Notes on Chapter 4: Analysis of Financial Statements

Definition of Financial Statement Analysis

  • Involves making assessments of a company's financial status and outcomes.
  • Aims to estimate and forecast future financial conditions.
  • Identifies connections and highlights strengths and weaknesses of a business.

Importance of Financial Statement Analysis

  • Assesses managerial performance, corporate efficiency, and financial strengths and weaknesses.
  • Assists in resource allocation and evaluates operational success.
  • Determines a company's ability to meet financial obligations, influencing suppliers and lenders.
  • Assists investors and labor unions in decision-making.
  • Provides insights for economists and researchers about economic trends.

Goals of Analyzing Financial Statements

  • Evaluate profitability and efficiency of the company and its departments.
  • Determine significance of financial aspects.
  • Identify reasons for changes in profitability and financial status.
  • Assess debt repayment capability and financial liquidity.
  • Based on factual data, accounting conventions, and postulates.
  • Personal judgment may influence the preparation of statements.
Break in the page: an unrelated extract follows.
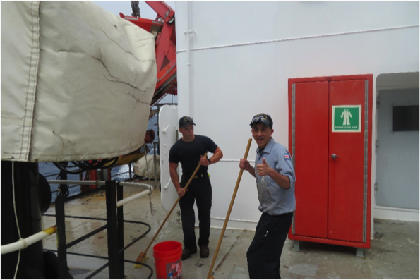 - 2/C Curzake and 4/C Moulton are working hard together to clean around one of the ship’s cranes.

Tools for Analyzing Financial Statements

  1. Comparative Statements
    • Shows profitability and stability over different periods.
    • Compares key financial statements like balance sheets and profit-loss statements.
  2. Common Size Statements
    • Shows relationship of items to a common item as percentages.
  3. Trend Analysis
    • Studies changes in operations and health over multiple years.
  4. Ratio Analysis
    • Evaluates profitability, stability, and efficiency.
  5. Cash Flow Analysis
    • Examines cash movement, detailing inflows and outflows.

Comparative Statement

  • Includes profit and loss statements and balance sheets with figures from current and previous years.
  • Shows absolute and relative changes, aiding in understanding account balances and operational activities.
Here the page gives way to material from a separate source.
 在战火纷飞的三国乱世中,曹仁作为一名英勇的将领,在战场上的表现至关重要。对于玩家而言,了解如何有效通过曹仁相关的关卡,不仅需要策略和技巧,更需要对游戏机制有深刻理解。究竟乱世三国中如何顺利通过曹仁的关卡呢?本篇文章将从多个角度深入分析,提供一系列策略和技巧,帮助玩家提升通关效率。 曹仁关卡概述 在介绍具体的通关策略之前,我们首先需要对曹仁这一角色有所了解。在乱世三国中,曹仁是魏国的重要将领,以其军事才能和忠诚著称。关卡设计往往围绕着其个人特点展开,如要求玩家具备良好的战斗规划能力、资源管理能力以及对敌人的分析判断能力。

Preparing Comparative Statements

  • List figures for two periods.
  • Determine absolute changes and percentage changes.

Common Size Statement

  • Analyzes changes in financial position and operational results as a percentage of total revenue or aggregate figure.
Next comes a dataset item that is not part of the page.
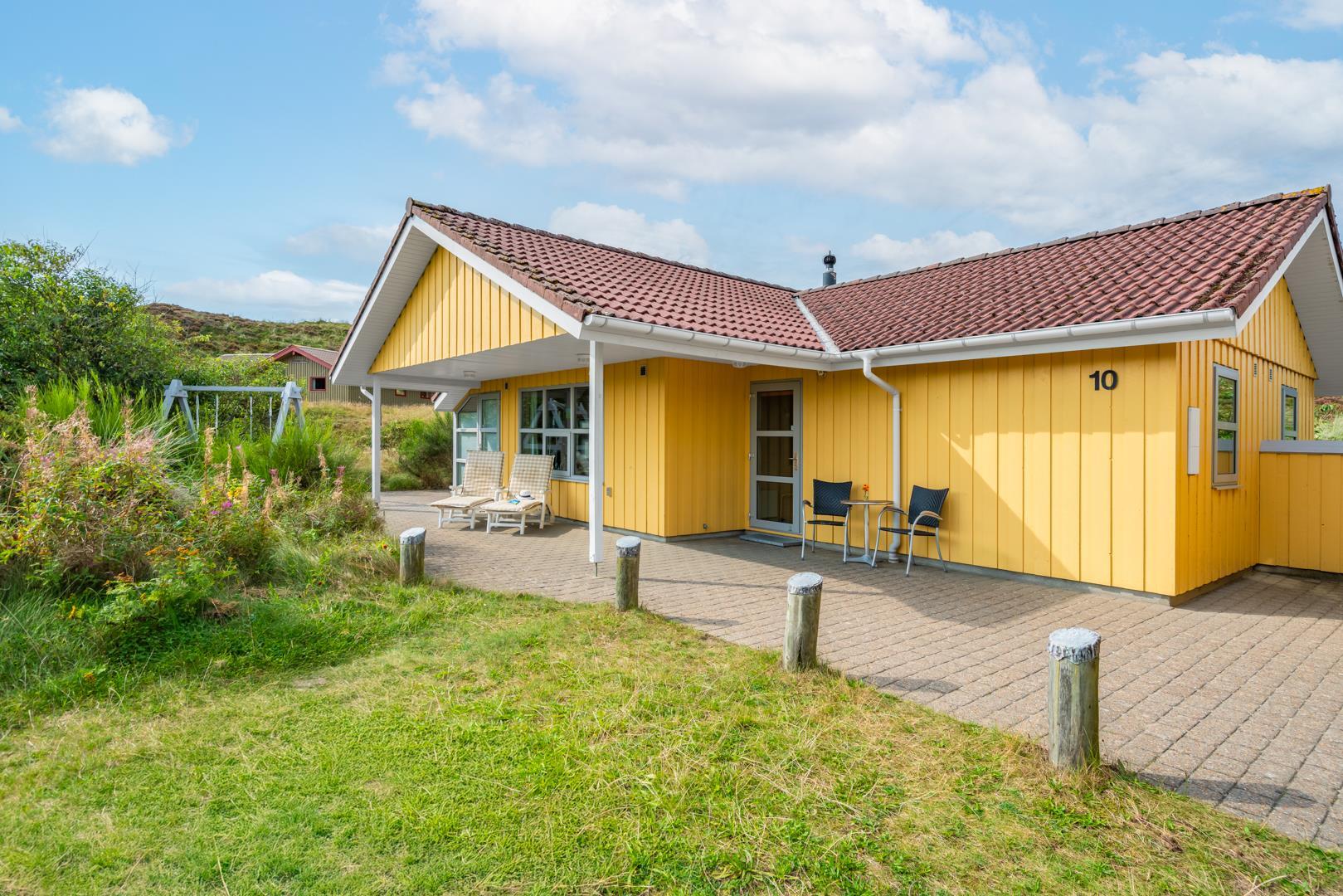 Hyggeligt sommerhus i Henne Strand med spa, sauna og stor terrasse tæt på natur og byliv.

Preparing a Common Size Statement

  • List figures for two periods and choose a common base (often set as 100).
  • Calculate percentage of each item based on the common base.

Limitations of Financial Statement Analysis

  • Does not account for price level changes.
  • Can be misleading with changes in accounting procedures.
  • Focuses only on monetary information, ignoring non-monetary aspects.
  • Prepared according to accounting concepts, which might not reflect current position accurately.